Although growth this year was about half that of 2017, Von Nessen says the overall manufacturing outlook is positive for the Palmetto State.
“Manufacturing in the United States is moving south, and South Carolina has been able to capture a lot of the gain from that momentum from the U.S. level,” he says. “The uncertainty for 2019 is simply surrounding the automotive tariffs and the degree to which we see those reduce in the new year.”
Although exports are down—Von Nessen says it’s the first time since at least 2012 that growth has been negative—BMW North America President and CEO Bernhard Kuhn said that demand for BMWs had not dropped in China since the tariffs have been introduced, according to a Nov. 28 CNBC report. In fact, the report notes that sales rose “12 percent in October over the same month last year and 6 percent year to date.”

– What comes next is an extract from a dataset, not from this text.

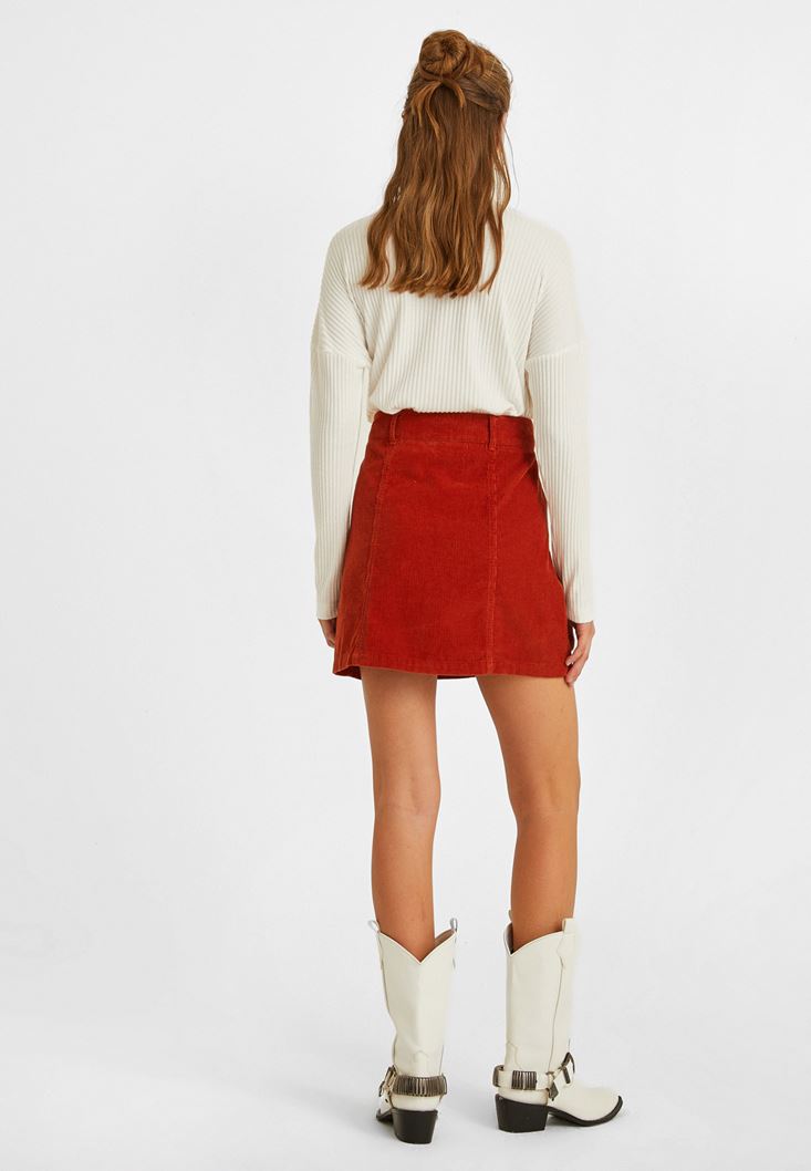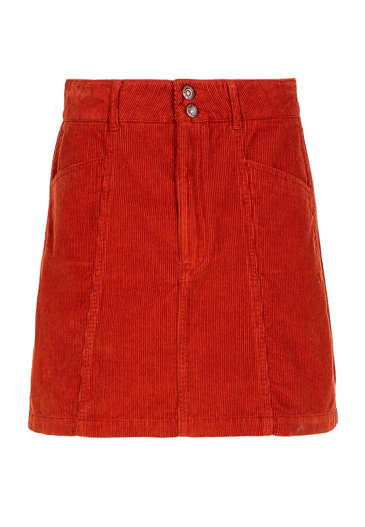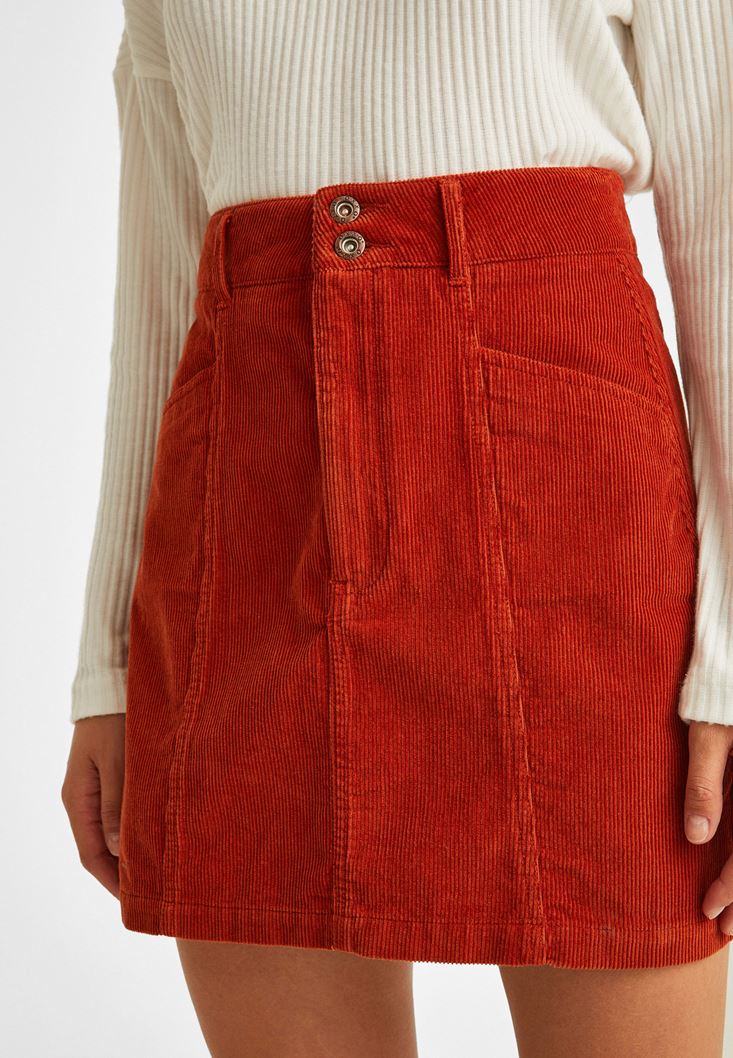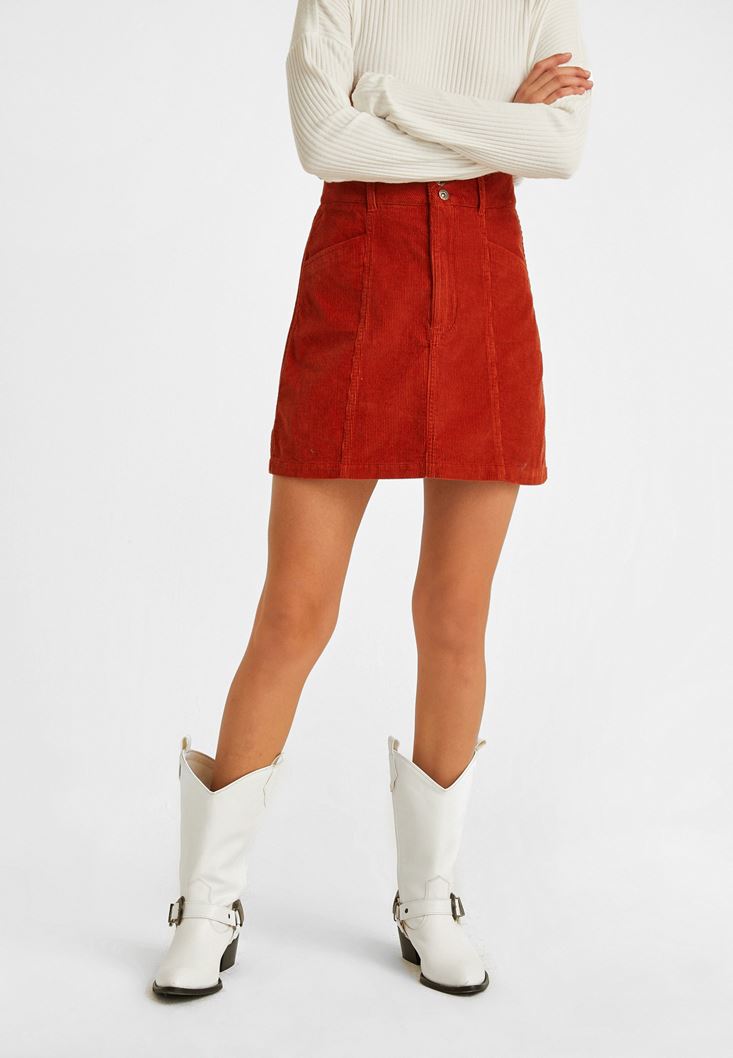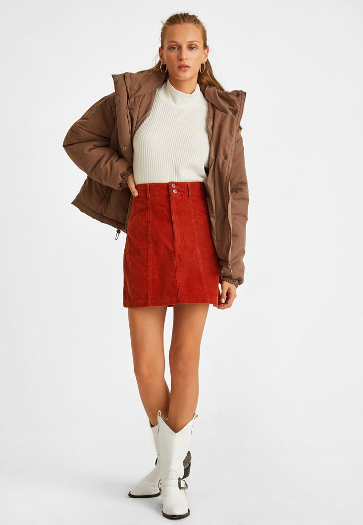 • Bayan Kiremit Yüksek Bel Mini Kadife Etek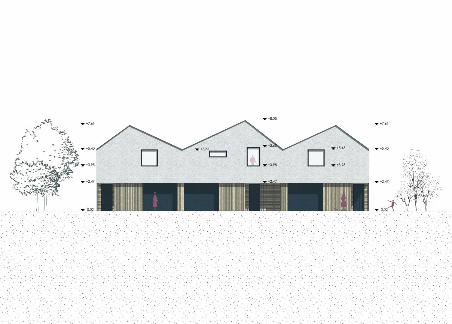 Magastetős, oromfalas. A tető a tömegalakítás egyik legmeghatározóbb eleme, a játékos formálás egyben lehetőséget ad arra, hogy a három külön rendeltetési egységet egyértelműen kijelölje, és egy egyszerű eszközzel egyéni karaktert adjon nekik.

Still, the German automotive giant saw four consecutive months of declining exports as of October.
BMW has also begun talking about building another plant in the U.S., one that would manufacture parts that are currently being imported and therefore affected by Trump’s tariffs.
And while Volvo’s new Berkeley County-produced S60 sedan is one of the finalists in the North American Car of the Year Award, the Lowcountry automaker has cancelled plans to ship the vehicle to China and is easing workforce expansion plans.
“It’s important to contextualize the importance of the automotive sector in South Carolina because any disruption to the automotive sector does have a disproportionate effect on South Carolina,” Von Nessen says. According to the economist, the auto industry has a multiplier effect of 3.7, which means for every 10 jobs that are either created or sustained by the automotive cluster, another 27 jobs are created elsewhere in the state.
Laissez-Faire No More
Currently, China imposes a 40 percent increase on imported cars made in the U.S.; however, the People’s Republic has indicated they might be willing to drop the tariff to 25 percent.
“We’ve always been a state that has benefited from international trade,” says Doug Woodward, director of research at the Moore School. “It’s an important part of our economy.”
He adds, “So when we have trade restriction and protectionism like this, it’s something that is going to affect us in South Carolina and already has.”
As it stands today, the president’s tough trade policy reveals a truth about China’s dependence on the American market.
“They are getting hurt more than we are,” Woodward says.
“The U.S. is the most lucrative market in the world and people want to access that, and we’re finally taking advantage of that,” he adds. “In the past, we haven’t done what China has done. We haven’t said, ‘If you want to access our market, here are the rules that you’ve got to play by.’ We had a more laissez-faire attitude. We don’t have that anymore.”
‘It Seems to Be Working’
China isn’t the only nation negatively impacting American manufacturing. Mexico, with its promise of extremely low wages, gives businesses less incentive to use U.S. factory labor.
The U.S.-Mexico-Canada Agreement could bring more production to America. How so? By requiring Mexican auto manufacturers selling vehicles in the States to pay a sizable number of workers $16 an hour. According to the Wall Street Journal, that figure is “about three times what the typical Mexican autoworker makes.”
While Trump certainly overreaches, Woodward says the tariffs may be a useful negotiating tactic. “Most economists would oppose this,” he says, “but it seems to be working.”
And if the trade war ends, Von Nessen expects an almost immediate effect. “The current negotiations between the U.S. and China are for a 90-day period that would come to a conclusion in early March,” he says, adding that the automotive- and manufacturing-driven South Carolina economy would begin seeing a positive change in the third or fourth quarters.
If that happens, Von Nessen says an additional 6,000 jobs could be created because of the boost the trade war’s end will have on the automotive sector and, in turn, that lovely multiplier effect.